> **What you will do**: Copy the lines below as they are; omit the images they contain.

——————————

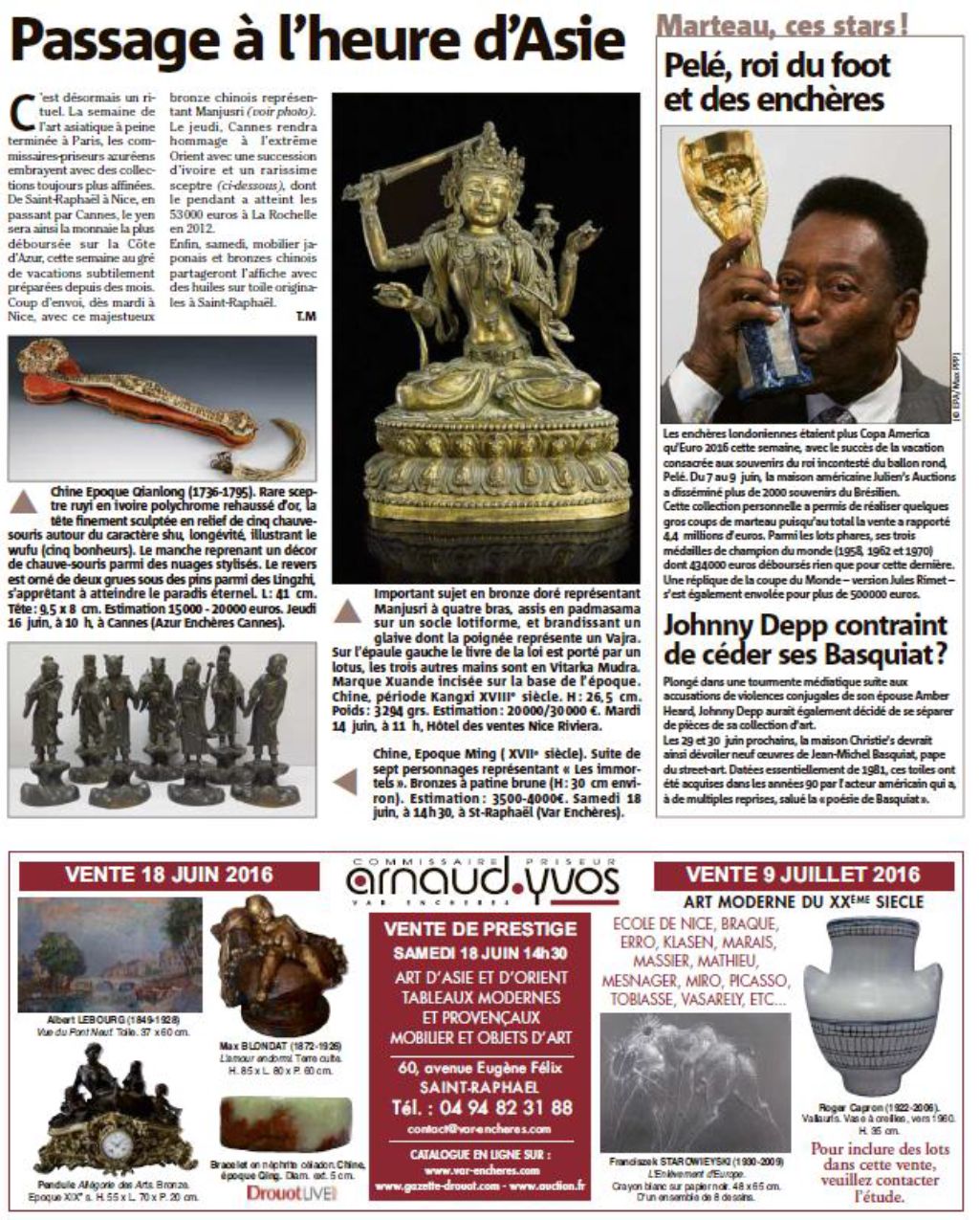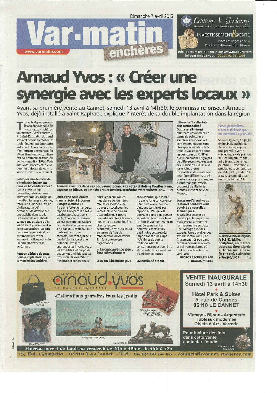 Gazette, 5 avril 2013 : Vente Inaugurale le Cannet Enchères
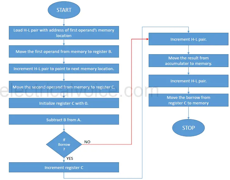 Q. Write an 8085 program and draw a flowchart to Subtract two 8-bit numbers along with considering the borrow.(8085 Microprocessor Program)
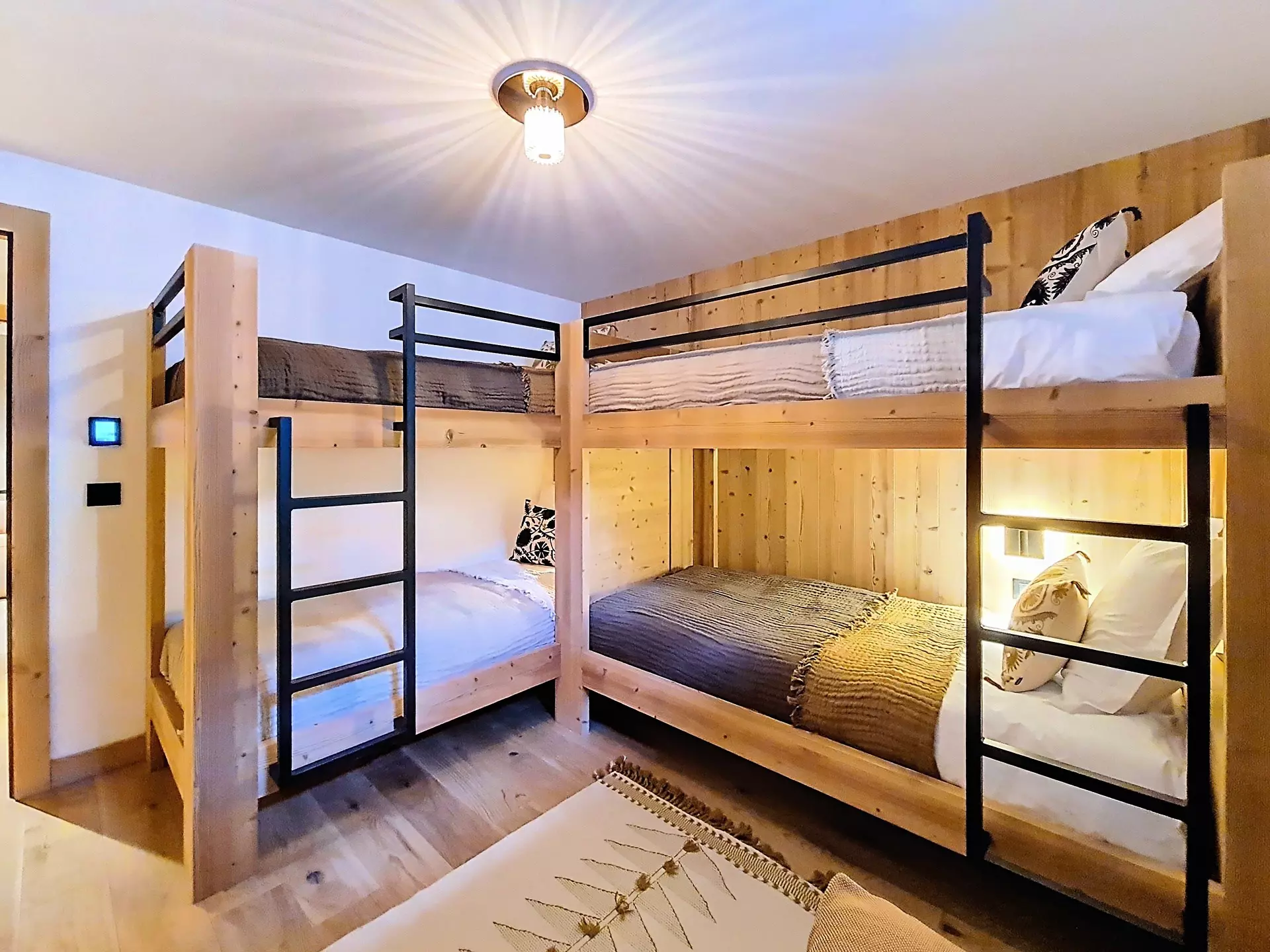 Bedroom 3 en suite: 2 x 2 bunk beds with its adjoining shower room and washbasin.
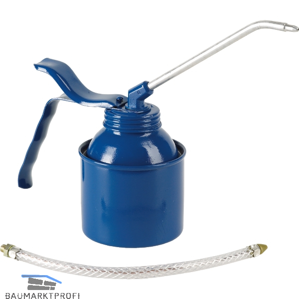 Mit Messing-Druckpumpe. Starkwandiger Stahlblechbehälter blau einbrennlackiert. Abgewinkelte Spritzrohrverbindung ermöglicht das Ölen von schwer zugänglichen Stellen.
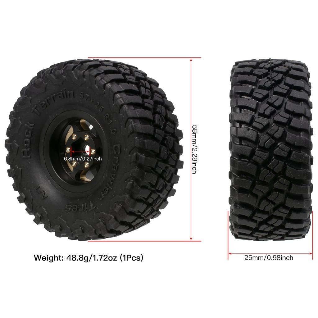 1.0 Brass Rubber Beadlock Wheels Tires for 1/18 TRX4M 1/24 Axial SCX24 RC Parts
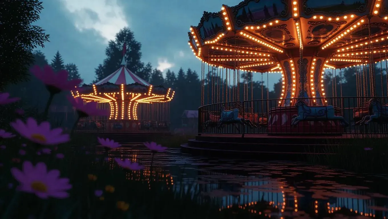 Text to ImageA derelict amusement park overtaken by rebels, with dilapidated rides turned into tactical zones. A carousel spins slowly with shimmering lights, abandoned and enchanting. Surreal post-apocalypse vibe with wildflower overgrowth.Recreate
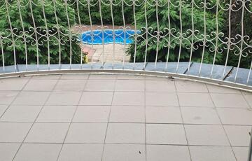 The huge windows of the American kitchen-dining room let in sunlight, and the balcony offers a magnificent view of the inner garden and the pool. The electric fireplace creates a pleasant atmosphere. The windows are equipped with shutters. The apartment was completely renovated in 2006.
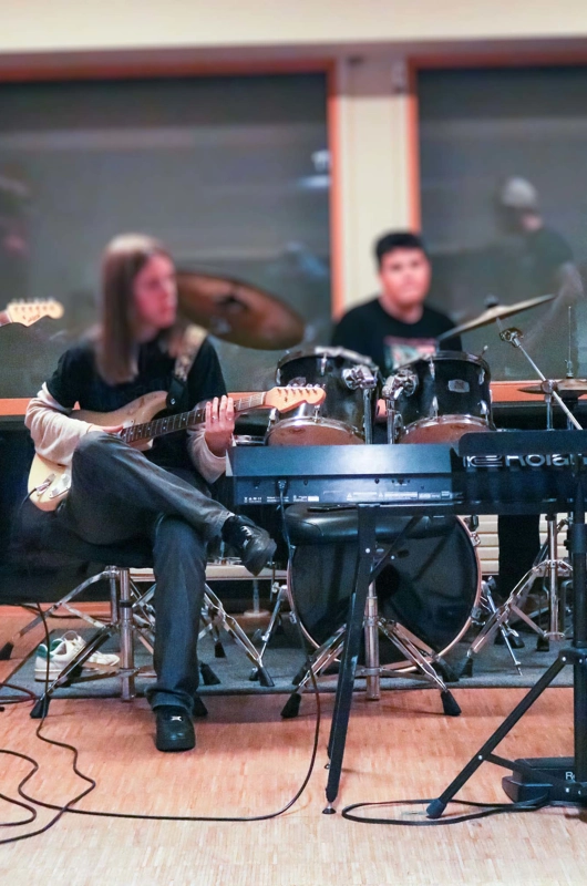 Undervisningen fokuserer på sammenspil og samarbejde i et band. Vi arbejder med musik fra forskellige genrer som rock, pop, funk og blues og lægger vægt på rytme, dynamik og musikalsk samspil. Eleverne lærer at lytte til hinanden og skabe et fælles musikalsk udtryk.
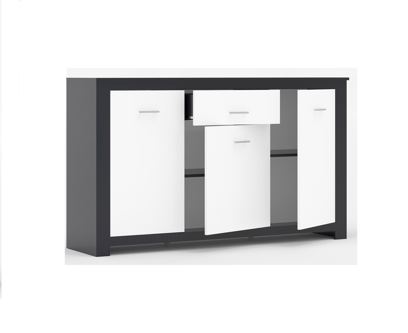 Основой конструкции комода Лилия служит корпус из ламинированной ДСП — прочного и износостойкого материала, который отлично подходит для ежедневного использования. Фасадная часть выполнена из МДФ, что придает комоду более элегантный внешний вид и обеспечивает долговечность. Благодаря качественному покрытию фасады имеют приятную текстуру и современный стиль, особенно в трендовом сочетании цветов антрацит / латте софт. В комплектации комода предусмотрен один вместительный ящик на телескопических направляющих полного выдвижения, которые обеспечивают плавный ход и удобный доступ ко всему содержимому. Это решение делает использование комода максимально комфортным даже при ежедневной нагрузке. Три дверные секции с просторными полками обеспечивают удобное и организованное хранение вещей. Дверцы оснащены стандартными фирменными металлическими петлями, которые гарантируют надежность и стабильность конструкции. Для открывания используются стильные металлические ручки-релинги, подчеркивающие современный характер модели и обеспечивающие удобство в использовании. Комод установлен на корпусной опоре (цоколе), что придает изделию устойчивость и делает его визуально цельным. Такая конструкция идеально подходит для интерьеров в современном стиле, где ценится лаконичность и практичность.
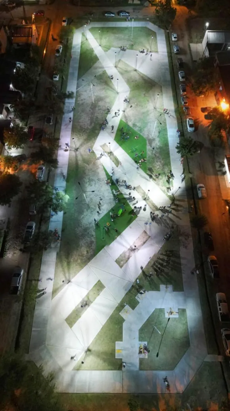 La nueva plaza que abarca las calles 36, 38, 23 y 23 bis del barrio Ramseyer, cuenta con sendas peatonales y plataforma de hormigón, mobiliario urbano, juegos infantiles y aeróbicos. Además, se colocaron 18 columnas simples y 6 triples de iluminación led, se cambiaron las lámparas de las columnas existentes y se complementó el trabajo con forestación y parquizado.

——————————

> **Response to this exercise**:
 Gazette, 5 avril 2013 : Vente Inaugurale le Cannet Enchères
 Q. Write an 8085 program and draw a flowchart to Subtract two 8-bit numbers along with considering the borrow.(8085 Microprocessor Program)
 Bedroom 3 en suite: 2 x 2 bunk beds with its adjoining shower room and washbasin.
 Mit Messing-Druckpumpe. Starkwandiger Stahlblechbehälter blau einbrennlackiert. Abgewinkelte Spritzrohrverbindung ermöglicht das Ölen von schwer zugänglichen Stellen.
 1.0 Brass Rubber Beadlock Wheels Tires for 1/18 TRX4M 1/24 Axial SCX24 RC Parts
 Text to ImageA derelict amusement park overtaken by rebels, with dilapidated rides turned into tactical zones. A carousel spins slowly with shimmering lights, abandoned and enchanting. Surreal post-apocalypse vibe with wildflower overgrowth.Recreate
 The huge windows of the American kitchen-dining room let in sunlight, and the balcony offers a magnificent view of the inner garden and the pool. The electric fireplace creates a pleasant atmosphere. The windows are equipped with shutters. The apartment was completely renovated in 2006.
 Undervisningen fokuserer på sammenspil og samarbejde i et band. Vi arbejder med musik fra forskellige genrer som rock, pop, funk og blues og lægger vægt på rytme, dynamik og musikalsk samspil. Eleverne lærer at lytte til hinanden og skabe et fælles musikalsk udtryk.
 Основой конструкции комода Лилия служит корпус из ламинированной ДСП — прочного и износостойкого материала, который отлично подходит для ежедневного использования. Фасадная часть выполнена из МДФ, что придает комоду более элегантный внешний вид и обеспечивает долговечность. Благодаря качественному покрытию фасады имеют приятную текстуру и современный стиль, особенно в трендовом сочетании цветов антрацит / латте софт. В комплектации комода предусмотрен один вместительный ящик на телескопических направляющих полного выдвижения, которые обеспечивают плавный ход и удобный доступ ко всему содержимому. Это решение делает использование комода максимально комфортным даже при ежедневной нагрузке. Три дверные секции с просторными полками обеспечивают удобное и организованное хранение вещей. Дверцы оснащены стандартными фирменными металлическими петлями, которые гарантируют надежность и стабильность конструкции. Для открывания используются стильные металлические ручки-релинги, подчеркивающие современный характер модели и обеспечивающие удобство в использовании. Комод установлен на корпусной опоре (цоколе), что придает изделию устойчивость и делает его визуально цельным. Такая конструкция идеально подходит для интерьеров в современном стиле, где ценится лаконичность и практичность.
 La nueva plaza que abarca las calles 36, 38, 23 y 23 bis del barrio Ramseyer, cuenta con sendas peatonales y plataforma de hormigón, mobiliario urbano, juegos infantiles y aeróbicos. Además, se colocaron 18 columnas simples y 6 triples de iluminación led, se cambiaron las lámparas de las columnas existentes y se complementó el trabajo con forestación y parquizado.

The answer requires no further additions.